▸ Task inputs
▶

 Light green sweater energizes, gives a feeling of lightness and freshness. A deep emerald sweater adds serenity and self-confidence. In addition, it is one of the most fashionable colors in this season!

◀
▶

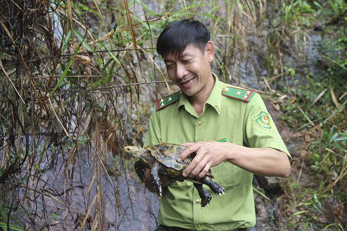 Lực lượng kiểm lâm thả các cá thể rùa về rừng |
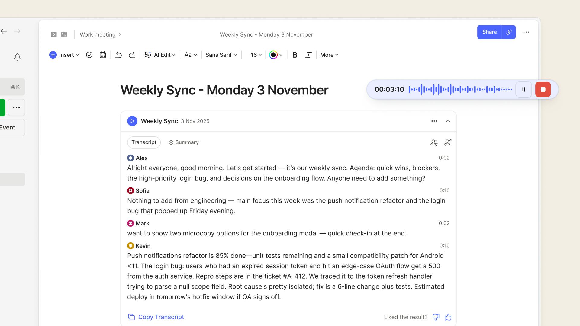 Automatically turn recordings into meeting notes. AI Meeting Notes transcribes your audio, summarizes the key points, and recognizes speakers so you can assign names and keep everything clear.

◀

▸ What is expected
Only the lines starting at the one with "Lực lượng kiểm" and ending at the one with "Automatically turn recordings" should be printed, each exactly as it appears in the material above; the pictures are to be omitted.

▸ Task output
 Lực lượng kiểm lâm thả các cá thể rùa về rừng |
 Automatically turn recordings into meeting notes. AI Meeting Notes transcribes your audio, summarizes the key points, and recognizes speakers so you can assign names and keep everything clear.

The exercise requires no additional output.